Excerpts from a dataset:

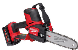
Élagueuse HATCHET® 20 cm M18 FUEL™ - M18 FHS20
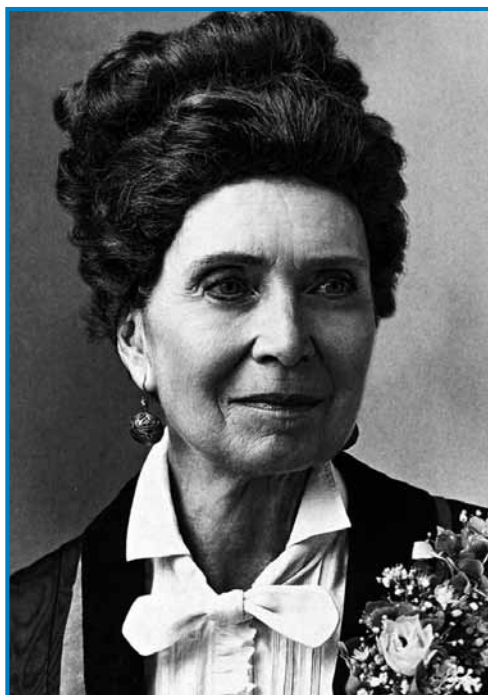
Prva madžarska padarkinja Vilma Hugonnai (1847-1922)

Vilmi Hugonnai je nej ostalo drügo, napravila je vižgo za veške babe in začnila opravlati tau službo. Njeni zakon s prvim možaum je na nikoj prišo, razpitala sta se v njenom 42. leti. Padarkinja brezi diplome
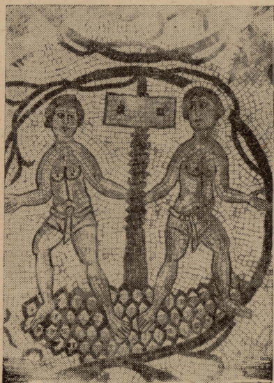
Gerax. — Biċċa mill-mużajk tal-art tal-knisja li kixfu l-Fraŋgiskani. Jidhru żewġ itfal għedin jaghsru l-gheneb.

Mill-hajja u x-xoghol tal-insara ta' Gerax, l-aktar haġa li għadha tidher sal-lum, huma l-fdalijiet tal-knejjes li bnewhom ma' tul tlett mitt sena. Fit-taħfir li sar f'dil-belt xi għaxar snin ilu, inkixfu fdalijiet ta' tnaaxer knisja (dra-
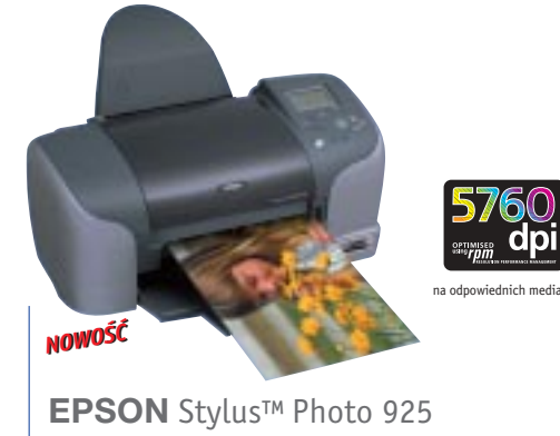
EPSON Stylus™ Photo 925

** 1. adapter kart Compact Flash, 2. adapter kart Smart Media, Memory Stick, karta SD, karta MME
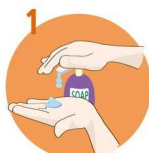
1 Uporabite dovolj mila
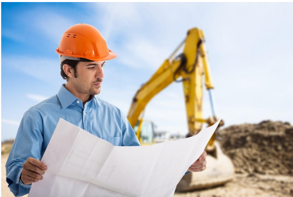
Slika 1 Prikaz radnika na radnom mjestu

Postoje različiti načini ostvarivanja rada. Rad u radnom odnosu je temelj prava. Uz rad nastaju brojna prava, obveze i odgovornosti kako za poslodavca tako i za radnika. Radno mjesto definira poslodavac, a od radnika se očekuje da radne dužnosti obavlja stručno, kvalitetno i pravodobno.
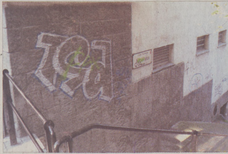
Októberben a Vízivárosban folytatódott a graffiti-mentesítés

Idén októberben a Vízivárosban folytatódott a falfirkák letakarítása. A közbeszerzési pályázaton kiválasztott Ifotech Clean Kft. munkatársai az Aranyhal, a Batthyány, a Csalogány, a Donáti, a Döbrentei, a Fiáth János, a Franklin, a Gyorskocsi, a Halász, a Hattyú, a Hunyadi János, az Iskola, a Kagyló, a Kapás, a Lánchíd, a Málna, az Ostrom, a Pala, a Szabó Ilonka, a Szalag, a Toldy Ferenc, a Várfok és a Vám utcákban, a Mária téren és a Szilágyi Dezső téren, valamint a Várkert rakpart vízivárosi részén takarították le a házfalakat. A letisztított felületeket úgynevezett anti-graf-
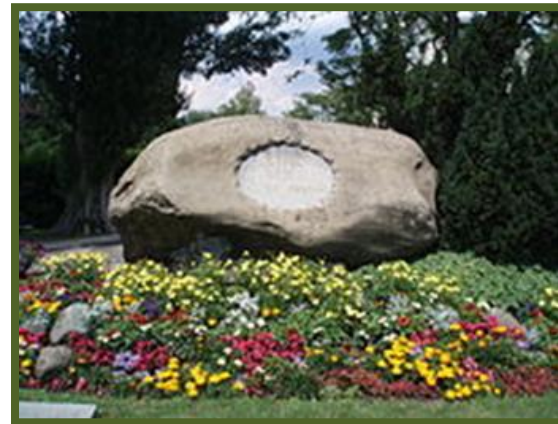
Památník z roku 1862 na místě Husova upálení
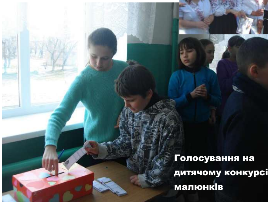
Голосування на дитячому конкурсі малюнків
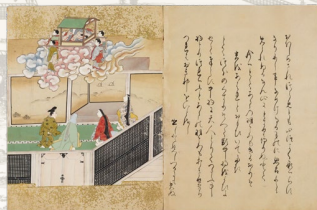
奈良絵本 竹取物語
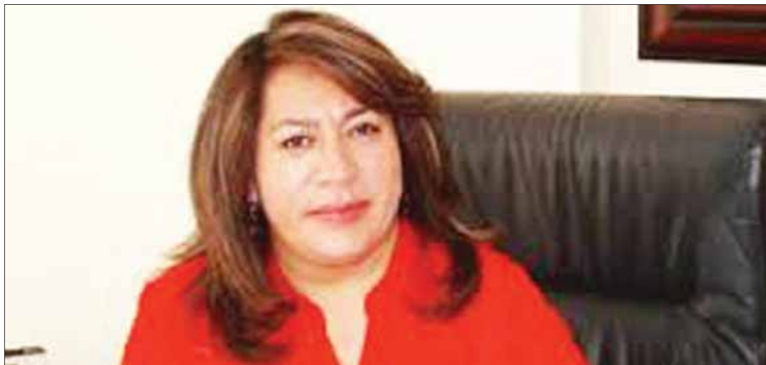
SOPORTES. Fortalecer las acciones que realicen las y los titulares de las instancias de mujeres en el estado.

Para lograr que al momento que las mujeres requieran ser atendidas ante una necesidad relacionada con estos aspectos, se difunde por medio de talleres temas como la información no sexista y mediante un lenguaje incluyente, participación política y liderazgo.
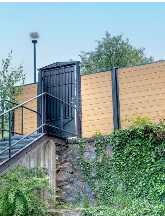
BILD 4 - GUL EKERUM MED LACKERADE STOLPAR
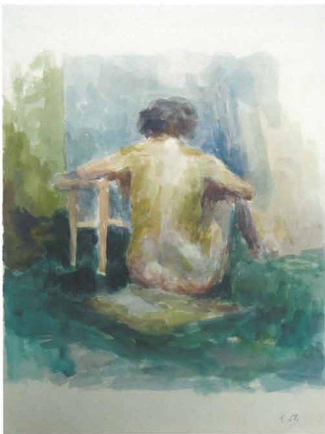
Akt s leđa sjedi na podu, 1951.

SLIKE IZ OSTAVŠTINE MATKA PEIĆA pohranjene u Državnom arhivu u Zagrebu
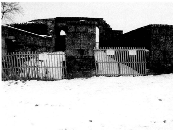
Fig. 6. La Porte de l'Est, dont on a dû condamner deux passages, suite à la dégradation des restaurations anciennes.
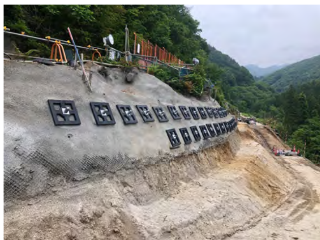
進入路(起点側) 令和4年6月14日
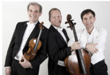
Altenberg Trio Wien
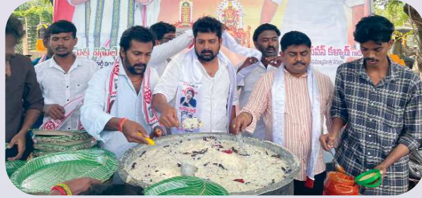
శ్రీ కాళహస్తి - పెన్ పవర్, జనవరి 15

How to complete this task ::
Pictures aside, print exactly the lines above starting with the one containing "Vilmi Hugonnai je" and going on through the one containing "Októberben a Vízivárosban folytatódott a graffiti-mentesítés".

Solution to this exercise ::
Vilmi Hugonnai je nej ostalo drügo, napravila je vižgo za veške babe in začnila opravlati tau službo. Njeni zakon s prvim možaum je na nikoj prišo, razpitala sta se v njenom 42. leti. Padarkinja brezi diplome
Gerax. — Biċċa mill-mużajk tal-art tal-knisja li kixfu l-Fraŋgiskani. Jidhru żewġ itfal għedin jaghsru l-gheneb.

Mill-hajja u x-xoghol tal-insara ta' Gerax, l-aktar haġa li għadha tidher sal-lum, huma l-fdalijiet tal-knejjes li bnewhom ma' tul tlett mitt sena. Fit-taħfir li sar f'dil-belt xi għaxar snin ilu, inkixfu fdalijiet ta' tnaaxer knisja (dra-
EPSON Stylus™ Photo 925

** 1. adapter kart Compact Flash, 2. adapter kart Smart Media, Memory Stick, karta SD, karta MME
1 Uporabite dovolj mila
Slika 1 Prikaz radnika na radnom mjestu

Postoje različiti načini ostvarivanja rada. Rad u radnom odnosu je temelj prava. Uz rad nastaju brojna prava, obveze i odgovornosti kako za poslodavca tako i za radnika. Radno mjesto definira poslodavac, a od radnika se očekuje da radne dužnosti obavlja stručno, kvalitetno i pravodobno.
Októberben a Vízivárosban folytatódott a graffiti-mentesítés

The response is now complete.